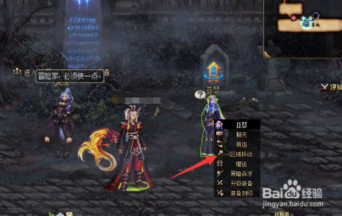 然后我们在灰色地带,点击【亚瑟】,在选项点击【区域移动】,到普雷副当地区,如图所示。
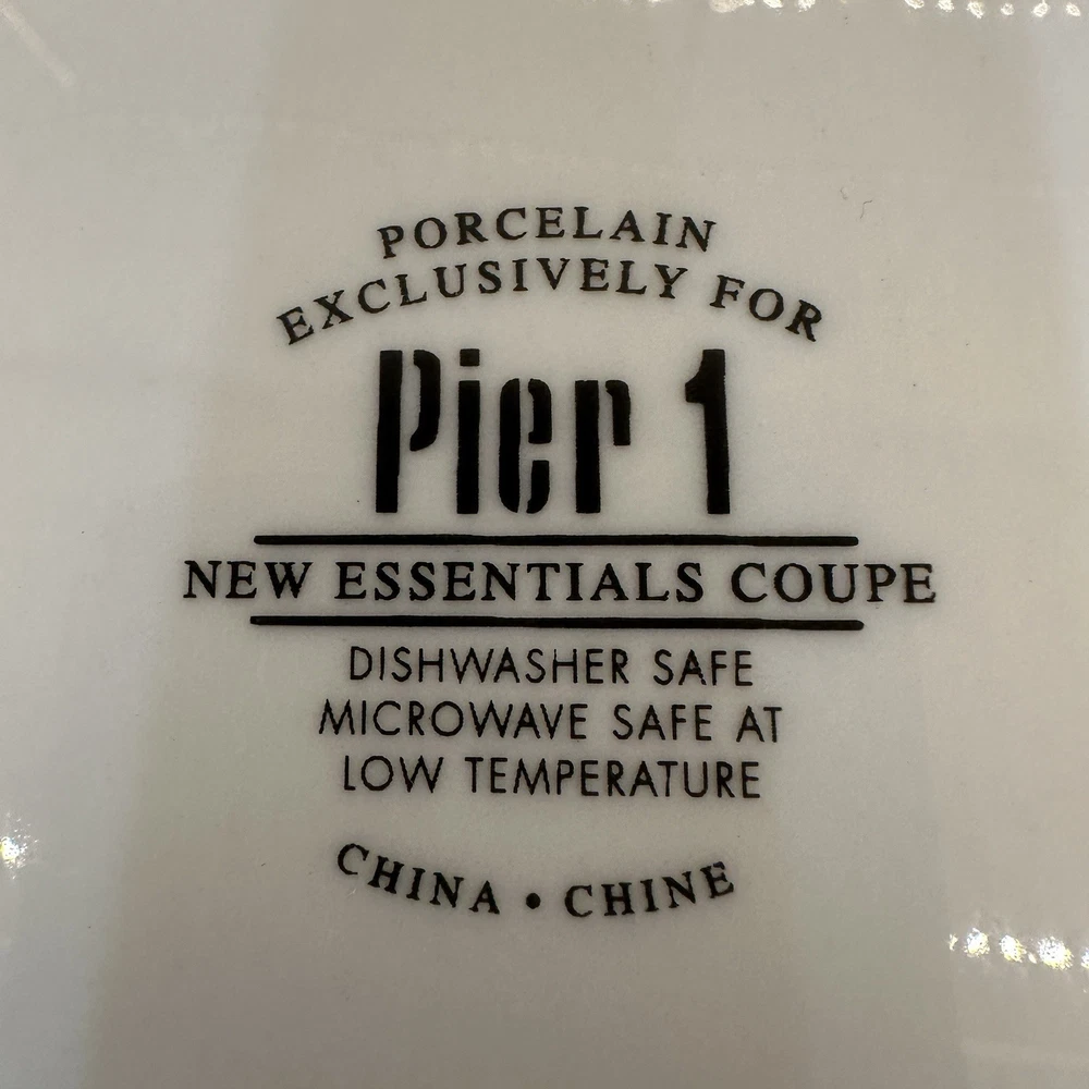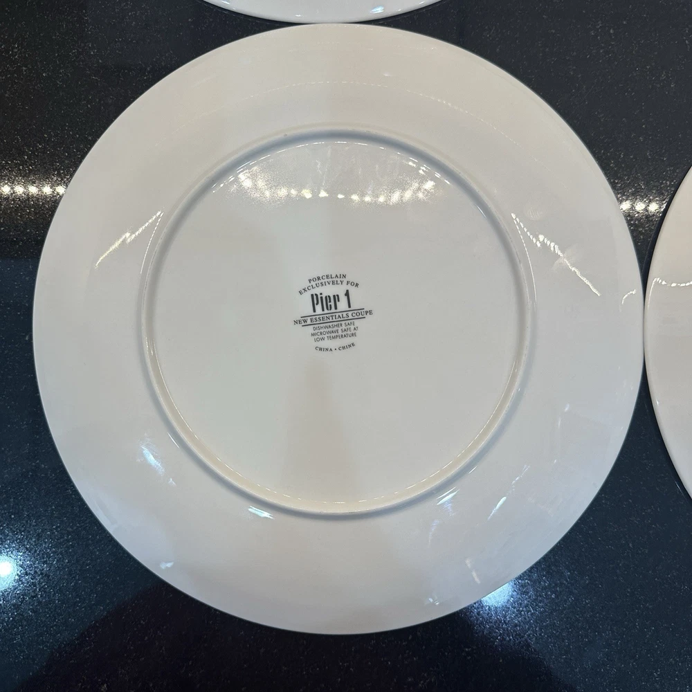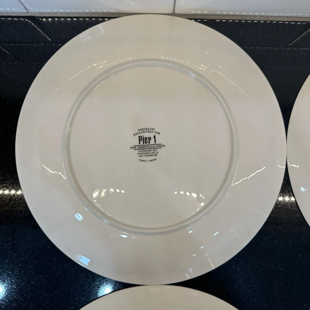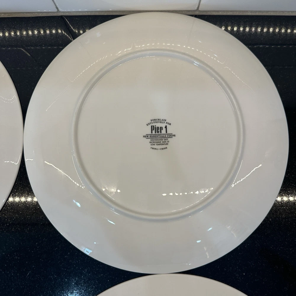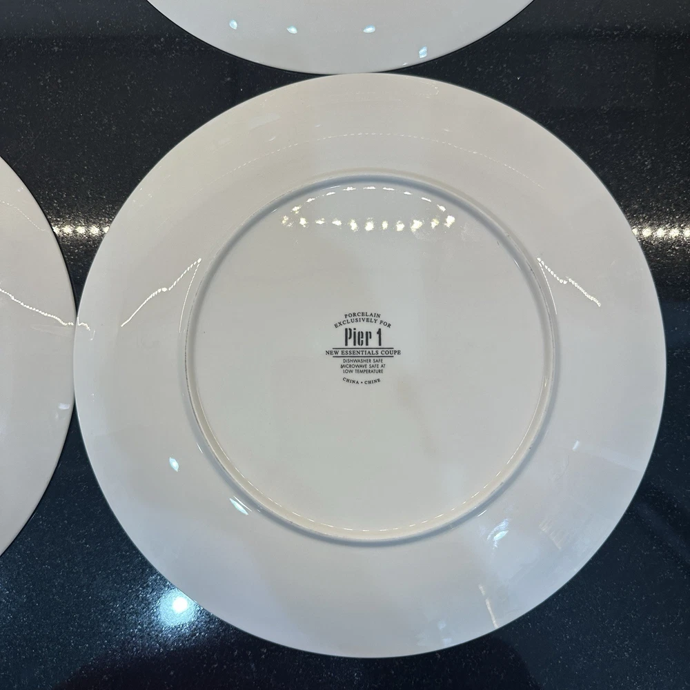 Add a touch of contemporary elegance to your dining table with this four-piece set of Pier 1 Imports New Essentials Coupe dinner plates. Made of high-quality porcelain, these round plates have a glossy finish and measure 11-1/8 inches in diameter. The all-white design makes them suitable for any occasion and complements any table setting. These plates are both dishwasher and microwave safe, making them practical as well as stylish. They feature a printed backstamp from Pier 1 Imports and belong to the Coupe product line. Whether you're hosting a formal dinner party or having a casual meal with your family, these plates are sure to impress your guests. Preowned and in excellent condition.
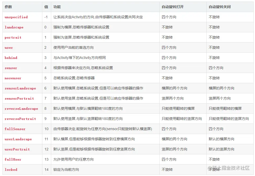 附赠 Android的屏幕方向列表:
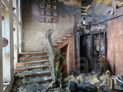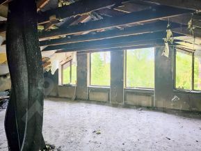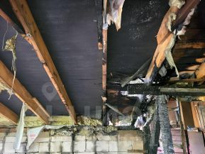 ДОМ под ремонт после пожара. При пожаре пострадали: гараж, кухня, комнаты на втором этаже, несущие конструкции почти не пострадали, потушили быстро. Перекрытие в месте возникновения пожара вскрыто 1,5х1,5м - видны все дефекты. Дом комбинированный газобетон+каркас. Сейчас объект законсервирован. Мусор вывезен, окна закрыты.
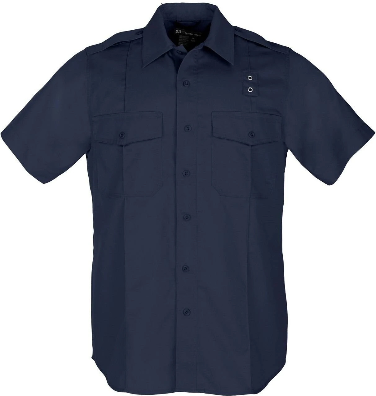 The 5.11 Tactical Taclite PDU Class A Short Sleeve Shirt is crafted with a 5.8 oz. cotton/poly twill fabric, a perfect blend of rugged durability, reliable performance, and breathable comfort. The Teflon coating repels moisture, stains, and soil. Permanent creases offer a professional look and the bi-swing shoulders provide full mobility. Underarm vents keep you cool and dry. This uniform shirt also has a pass-through mic cord to keep you connected. Lastly, this shirt comes with epaulettes, badge tabs, and a front zippered placket. Also available in Long Sleeve!
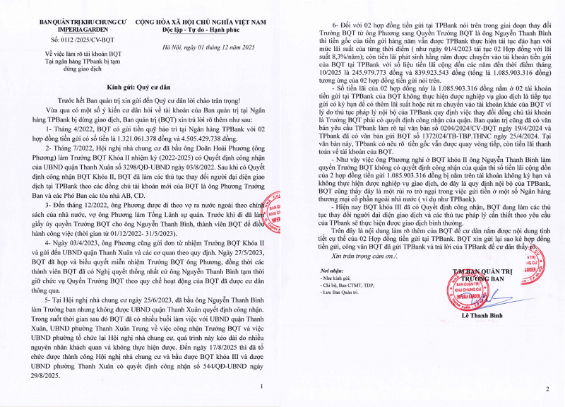 Liên quan đến nội dung tài khoản Quỹ bảo trì tại TPBank, tài liệu do Ban quản trị chung cư Imperia Garden cung cấp cho cư dân cho thấy: việc tài khoản tiền lãi của các hợp đồng tiền gửi bị tạm dừng giao dịch xuất phát từ quy định nội bộ của TPBank, yêu cầu phải có Quyết định công nhận Trưởng Ban quản trị mới của UBND quận khi thay đổi người đại diện đồng chủ tài khoản.
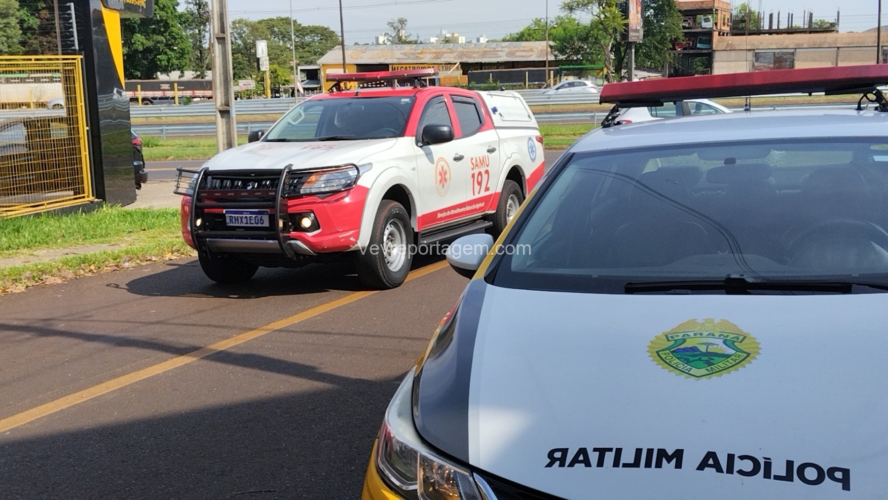 Socorristas do Siate foram acionados inicialmente para atender uma ocorrência de ferimento por arma de fogo em via pública. Ao chegarem ao local, a vítima foi avaliada, imobilizada e colocada na maca, sendo encaminhada para o interior da ambulância. Durante o atendimento, foi solicitado apoio médico do Samu.
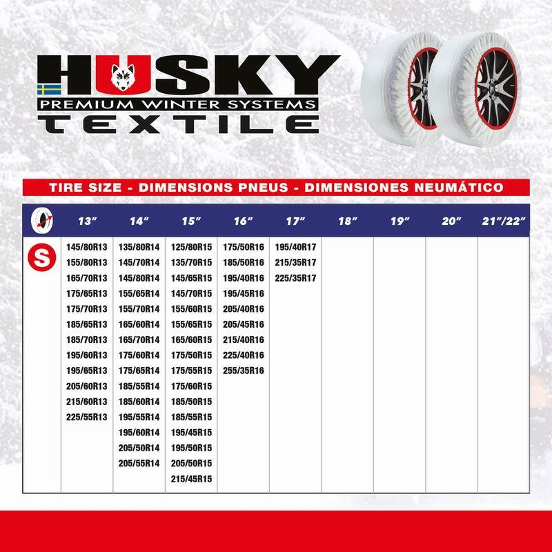 Sosete textile pentru zapada de la HUSKY din tesatura high-tech care ofera o aderenta excelenta pe zapada si gheata. Ciorapii se potrivesc mult mai usor decat lanturile metalice de zapada iar cei 2 ciorapi pot fi pusi pe roti in cateva minute. Fiind mult mai usoare decat lanturile metalice pentru zapada, acestea sunt o optiune excelenta de pastrat in vehicul in caz de urgenta. Pentru off-road sau calatorii frecvente pe zapada adanca, lanturile metalice sunt cea mai buna optiune. Dar pentru nevoile majoritatii oamenilor, sosetele de zapada sunt ideale. Tesatura poate fi spalata si refolosita daca nu este uzata semnificativ dupa utilizarea pe asfalt. Complet certificat de TUV si O-Norm pentru utilizare in toate tarile europene si zonele alpine. Alegeti dimensiunea corecta folosind lista noastra de aplicatii.
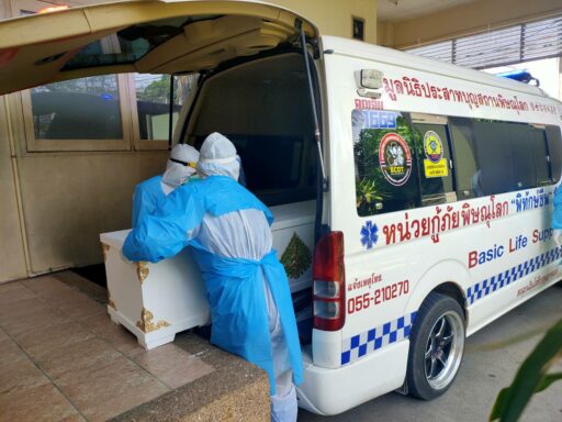 เมืองสองแควผู้ป่วยติดเชื้อโควิดตายเพิ่มอีก 1 ราย เจ้าหน้าที่กู้ภัยนำศพไปเผาที่วัดสระแก้วปทุมทอง ยอดผู้ป่วยสะสมถึงวันที่ 19 ก.ย.อยู่ที่ 4,347 ราย รักษาหาย 3,758 ราย รักษาอยู่ 544 ราย เสียชีวิตสะสมล่าสุด 46 ราย
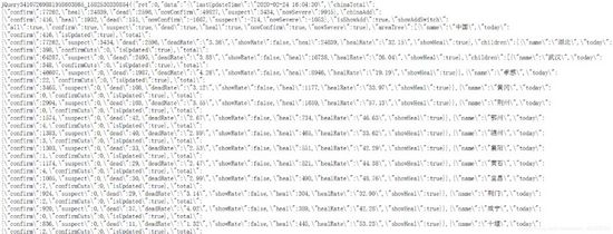 {'lastUpdateTime': '2020-02-24 17:06:26', 'chinaTotal': {'confirm': 77262, 'heal': 24839, 'dead': 2596, 'nowConfirm': 49827, 'suspect': 3434, 'nowSevere': 9915}, 'chinaAdd': {'confirm': 416, 'heal': 1932, 'dead': 151, ……
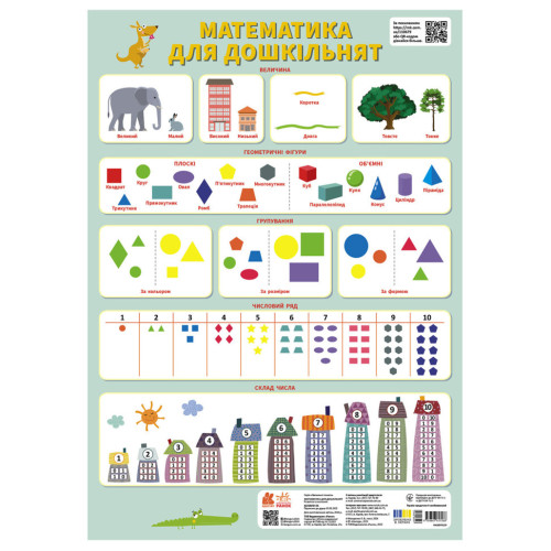 Учебный плакат «Математика для дошкольников» способствует овладению детьми основных математических понятий, например: величина, формы, геометрические фигуры, группировка фигур по определенным признакам, числовой ряд, состав числа. Наглядность поможет детям лучше запомнить материал и хорошо подготовиться к школе. А QR-код, имеющийся на плакате, позволит узнать больше интересной познавательной информации.

============================================================

The problem — Could you return, word for word, every line from the line with "เมืองสองแควผู้ป่วยติดเชื้อโควิดตายเพิ่มอีก 1 ราย" through the last line of the listing above, both ends included, without any pictures?

Task response —
 เมืองสองแควผู้ป่วยติดเชื้อโควิดตายเพิ่มอีก 1 ราย เจ้าหน้าที่กู้ภัยนำศพไปเผาที่วัดสระแก้วปทุมทอง ยอดผู้ป่วยสะสมถึงวันที่ 19 ก.ย.อยู่ที่ 4,347 ราย รักษาหาย 3,758 ราย รักษาอยู่ 544 ราย เสียชีวิตสะสมล่าสุด 46 ราย
 {'lastUpdateTime': '2020-02-24 17:06:26', 'chinaTotal': {'confirm': 77262, 'heal': 24839, 'dead': 2596, 'nowConfirm': 49827, 'suspect': 3434, 'nowSevere': 9915}, 'chinaAdd': {'confirm': 416, 'heal': 1932, 'dead': 151, ……
 Учебный плакат «Математика для дошкольников» способствует овладению детьми основных математических понятий, например: величина, формы, геометрические фигуры, группировка фигур по определенным признакам, числовой ряд, состав числа. Наглядность поможет детям лучше запомнить материал и хорошо подготовиться к школе. А QR-код, имеющийся на плакате, позволит узнать больше интересной познавательной информации.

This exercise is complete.